■ **Exercise brief**: From the material below, return exactly the lines starting at the one that holds "2019年5月份,綜合PMI" and ending at the one that holds "VERA PELLE Włoska". Pictures stay out of the answer.

■ **Record set**:
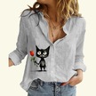 Kadın Moda Pamuk Keten Gömlek Kedi Baskılı Uzun Kollu Üst Bayan Günlük Düğmeli Bluz Gri
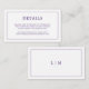 Ett enkelt litet elegant i bröllop-höljet med en modern utformning med detaljerna omgivna av ett tunt gräns och ditt monogram på baksidan. All inslag i designläge är i lila och kan ändras i verktyg för designredigering. En chic och snyggt som är underbar för ett minimalistiskt par. Använda dessa djurutrymmeskort för att ge anvisningar och andra viktiga uppgifter som dina gäster kan behöva känna till, t.ex. hotellrum, parkering, pendelinformation osv.
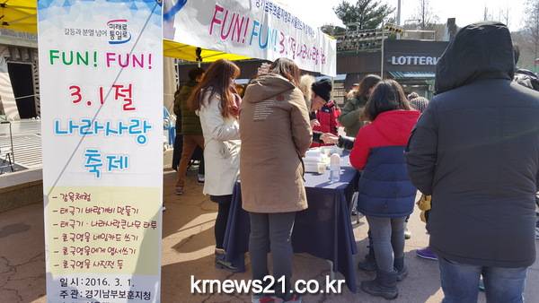 경기남부보훈지청(지청장 남창수)에서는 3월1일 과천 서울 랜드와 함께 『Fun! Fun! 3․1절 나라사랑 축제』행사를 개최하였다.
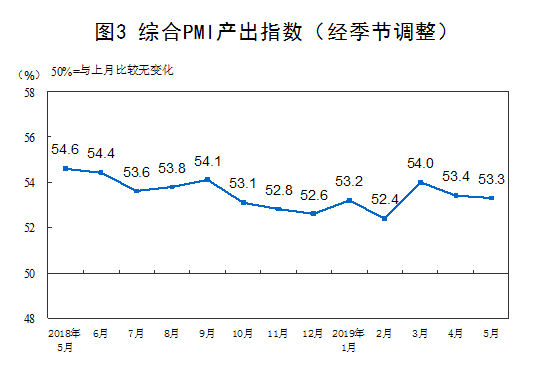 2019年5月份,綜合PMI產出指數為53.3%,比上月微落0.1個百分點,表明我國企業生產經營活動總體保持平穩發展態勢。
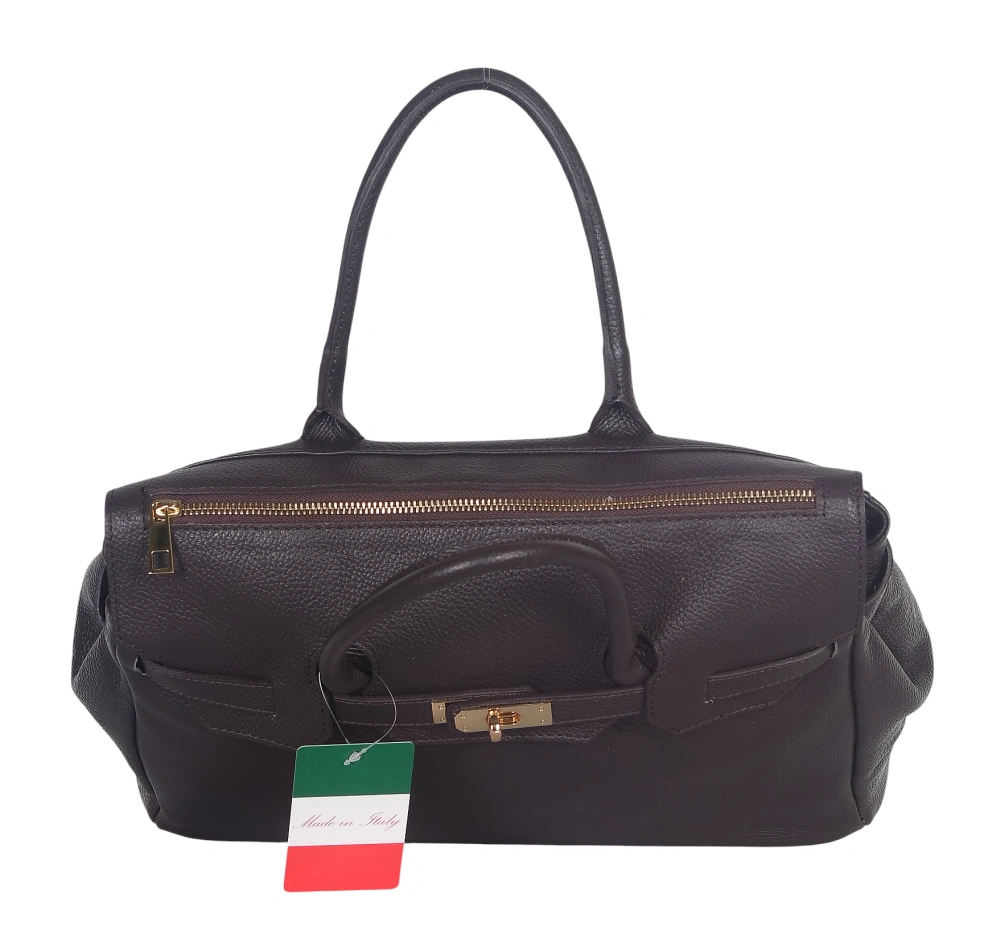 VERA PELLE Włoska skórzana torebka damska kuferek SKÓRA NATURALNA
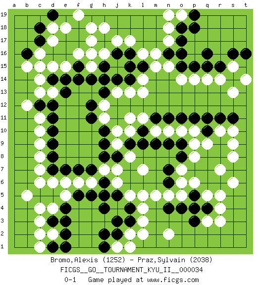 Last move : 0-1 2011 November 1 17:5:10 [Event "FICGS__GO__TOURNAMENT_KYU_II__000034"] [Site "FICGS"] [Date "2011.03.04"] [Round "1"] [Black "Bromo,Alexis"] [White "Praz,Sylvain"] [Result "0-1"] [Rating 1 "1252"] [Rating 2 "2038"] 1.q16 d4 2.d16 r4 3.q10 l3 4.k4 l4 5.d10 k17 6.k16 l16 7.l15 m16 8.n16 m15 9.k15 j17 10.j16 h16 11.h15 g15 12.h14 g16 13.g14 c14 14.d14 d13 15.e13 d15 16.e14 c13 17.d12 e15 18.f15 f16 19.f14 c16 20.e16 c15 21.h17 g18 22.f17 g17 23.f18 h18 24.c17 d17 25.e17 d18 26.c18 e18 27.q4 q3 28.p3 q5 29.p4 r3 30.d3 c3 31.e4 c4 32.d5 e5 33.e3 d6 34.c5 b5 35.f5 c6 36.k3 k5 37.j5 j6 38.h5 l5 39.h6 j7 40.j8 h7 41.g7 j4 42.j3 g6 43.g5 f6 44.f7 e6 45.e7 k8 46.h8 l7 47.n7 o6 48.n6 o5 49.o4 n5 50.n4 n2 51.p5 p6 52.q6 r5 53.r6 s6 54.q7 p8 55.p7 o7 56.o8 m5 57.q8 p9 58.o9 p10 59.p11 o10 60.n9 n10 61.m9 m10 62.l9 k11 63.l10 l11 64.m11 q9 65.r9 r10 66.q11 s9 67.r8 s8 68.r11 s10 69.s11 k10 70.k9 j9 71.h9 j10 72.h10 h11 73.g11 h12 74.g12 l13 75.h13 j13 76.j14 k13 77.k14 q14 78.r15 r14 79.s14 s13 80.q15 p14 81.p15 o14 82.o15 n17 83.o17 n18 84.o18 c8 85.d8 c9 86.d9 c11 87.d11 c10 88.c12 b12 89.d7 o19 90.p19 n19 91.p18 n15 92.o16 s15 93.s16 t14 94.t16 k2 95.j2 l2 96.h4 j1 97.h1 k1 98.h2 d2 99.e2 c2 100.d1 c1 101.e1 l14 102.o11 r7 103.n11 c7 104.d19 f19 105.b16 b15 0-1 Here are the names of the openings (joseki) played in the four corners : Corner q16 : q16 l16 Hoshi (Hwajeom, Seongjeom, Xingwei`) 4-4 Point. The star or hoshi (4-4) point, emphasizing influence at the potential expense of territory. Corner d16 : d16 j17 Hoshi (Hwajeom, Seongjeom, Xingwei`) 4-4 Point. The star or hoshi (4-4) point, emphasizing influence at the potential expense of territory. Corner d4 : d4 d3 Hoshi (Hwajeom, Seongjeom, Xingwei`) 4-4 Point. The star or hoshi (4-4) point, emphasizing influence at the potential expense of territory. Player White won this Go (weiqi, baduk) game. Follow this game move after move (download)If you lose by one point, take a rest. (Anonymous) There is far too much law for those who can afford it and far too little for those who cannot. (Derek Bok)
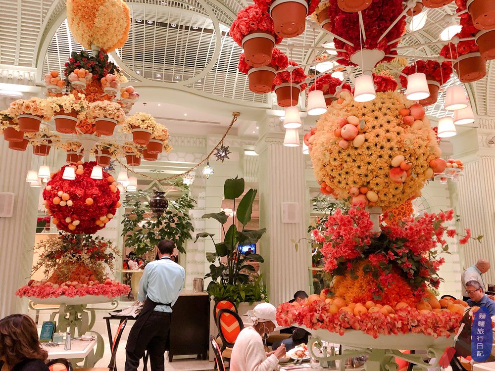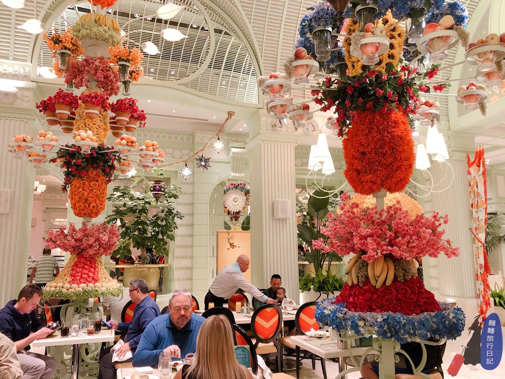 比起凱薩宮BACCHANAL我更愛Wynn Buffet的環境,用大量的花朵、水果來裝飾,這麼多顏色卻不會讓人眼花撩亂,反而有一種童話感,像是在瘋帽子的下午茶派對花園裡用餐,而且整體更時尚、明亮!我愛死了Wynn酒店的設計師!
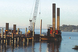 Para estas obras oferecemos diversos tipos de fundações especiais em presença de lâmina d´água, entre elas: cravação de estacas pré-moldadas, estacas tubulares metálicas, estacas prancha, estacas escavadas com camisa metálica perdida em solo ou engastadas em rocha com uso de circulação reversa.

■ **Output for this exercise**:
 2019年5月份,綜合PMI產出指數為53.3%,比上月微落0.1個百分點,表明我國企業生產經營活動總體保持平穩發展態勢。
 VERA PELLE Włoska skórzana torebka damska kuferek SKÓRA NATURALNA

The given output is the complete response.